On the basis of petrochemical signature, felsic volcanic rocks are divided into four classes, e.g., FI, FII, FIII and FIV [55,74,75,76]. The FI felsic volcanic rocks are characterized by steep REE patterns, weakly negative to moderately positive Eu anomalies and high Zr/Y and low abundances of high field strength elements (HFSE, Y, Zr, Hf); FII felsic volcanic rocks are characterized by gently sloping REE patterns, variable Eu anomalies, moderate Zr/Y and intermediate abundances of HFSE; FIII felsic volcanic rocks, rhyolites and high silica rhyolites, are characterized by relatively flat REE patterns and subdivided into two types. The sub-type FIIIa rhyolites exhibit variable negative Eu anomalies, low Zr/Y and intermediate abundances of HFS elements. FIIIb rhyolites exhibit pronounced negative Eu anomalies, low Zr/Y and high abundances of HFSE. FIV felsic volcanic rocks are rhyolites and high silica rhyolites characterized by flat to slightly LREE-depleted REE patterns and low REE and HFSE abundances [76]. This classification of felsic volcanic rocks is mainly dependent on the type of crust in which they are sustained (i.e., evolved or juvenile) and are invariably a function of age (i.e., Archean or post-Archean). The analyzed samples dominantly fall in FIIIa, FIV and FII of rhyolite discrimination diagram (Figure 12a) and suggest that the felsic volcanic rocks are probably evolved due to the partial melting of crust at shallow to moderate depths (<15 km) [75,76]. From Zr/Y vs. Y plot (Figure 12b), the felsic volcanic samples fall in the FII and FIIIa field suggesting moderate to most prospective area of Archean VMS deposits [77]. The felsic volcanic rocks of Mundiyawas-Khera prospect have chemical characteristics consistent with an arc related rifted continental margin setting and are characteristic to VAG (Volcanic Arc Granite) and WPG (Within Plate Granite) after tectonic discrimination diagrams (Figure 12c) of [78] for granitoid rocks. In the Nb-Y plot, the felsic rocks have a trend towards syncollisonal granite and within plate granite in an evolved arc setting (Figure 12d). The Th/Yb vs. Nb/Yb plot (Figure 12e) of [79] suggests volcanic arc array field and in Rb/Nb vs. Y/Nb diagram (Figure 12f) felsic volcanic samples show A2, crustal derived granitoid rocks [80].
Trace element compositions of felsic meta-volcanic rocks are marked by lower concentrations of compatible elements such as Ni, Cr and enrichment of large ion lithophile elements (LILE) over high field strength elements (Table S1). Chondrite-normalized REE pattern [84] of the felsic volcanic rock/tuff suggests a considerable LREE/HREE fractionation trend with negative Eu anomalies (Figure 13a). The depleted and flat HREE pattern again indicates crustal source that was garnet free. A negative Eu anomaly is typical of many continental rocks and probably arises because many crustal rocks were produced by intracrustal partial melting. The residue of these melts was rich in plagioclase, hence retaining more Eu in the lower crust and creating a complimentary Eu-depleted upper crust. Negative Eu anomaly also points to cooler fluids, more oxidized condition and/or increased clastic contributions [85]. The primitive mantle-normalized after [86] trace element pattern (Figure 13b) of the felsic volcanic rock shows distinct negative Nb, Zr and Ti anomalies. Enrichment of LILE (e.g., Cs, Rb, Ba, Th and U) and depletion of HFSE (e.g., Zr, Nb and Ti) relative to typical primitive mantle values with negative Nb, Zr and Ti anomalies and positive Th anomalies is suggestive of a subduction zone magma character generated in arc settings [78].

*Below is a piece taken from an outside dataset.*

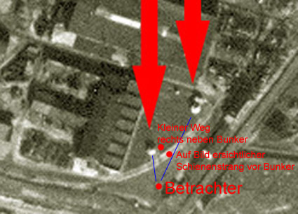 Montage zweier Aufnahmen. Links Bunker 5, rechts Bunker 6, ganz hinten rechts die Kuppel von Bunker 7. Im Rasen ist der zum Zeitpunkt der Aufnahme noch überwachsene Schienenstrang erkennbar. Das Gitter am Eingang des linken Bunkers könnte nachträglich angebracht worden sein. Normalerweise befand sich dort eine Druckschutztür. Zu erkennen ist, dass der Rundbunker in den Jahren stark einseitig versackt war.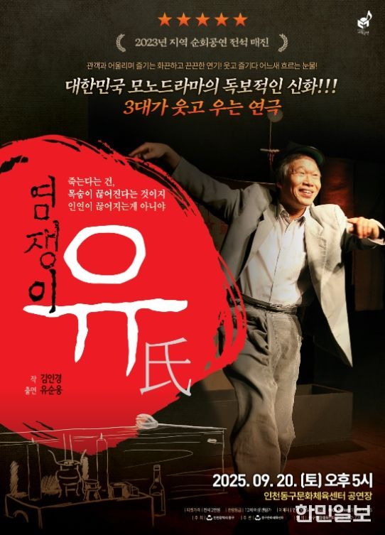한민일보 서울포커스 백진욱 기자 | 인천 동구문화체육센터는 오는 20일 오후 5시 관객과 함께 걸어온 모노드라마, 연극 '염쟁이 유씨'를 무대에 올린다고 밝혔다.

5.2. Source and Evolution of Ore Fluids

The isotopic results indicate the dominancy of highly modified sea water after infiltration into the upper crust, interaction with the underlying volcanic and sedimentary rocks and convective circulation to the venting sites. This model is in favor of the ancient and modern hydrothermal system models of massive sulfide formation [87,88,89,90,91,92]. The interpretations of isotopic data (Figure 11) suggest a minor participation of magmatic carbonate in the genesis of mineralized carbonate veins in Mundiyawas-Khera copper deposit. As suggested by [93], in Neves-Corvo deposit, magmatism plays an important role, not only as a driving force of seawater convection but also as a direct contributor of metals and volatile components to the hydrothermal systems. This model may be considered to explain the genesis of ore bearing hydrothermal fluid in Mundiyawas-Khera copper deposit from carbon and oxygen isotope study.

5.3. Tectonic and Structural Setting

The lithogeochemistry of felsic volcanic rocks reveals arc magmatic signature (Figure 12c,d). In addition, the FII, FIIIa and FIV signatures (Figure 12a) of the felsic volcanic rocks suggest that they could be evolved from the partial melting of crust at shallow to moderate depths due to subvolcanic eruptions [75,76]. The arc signature of Mundiyawas-Khera felsic volcanic rocks could be correlated with the arc magmatism in NDFB [94,95] and a probable geodynamic model (Figure 14) is proposed to understand the possible massive sulfide deposit of Mundiyawas-Khera area.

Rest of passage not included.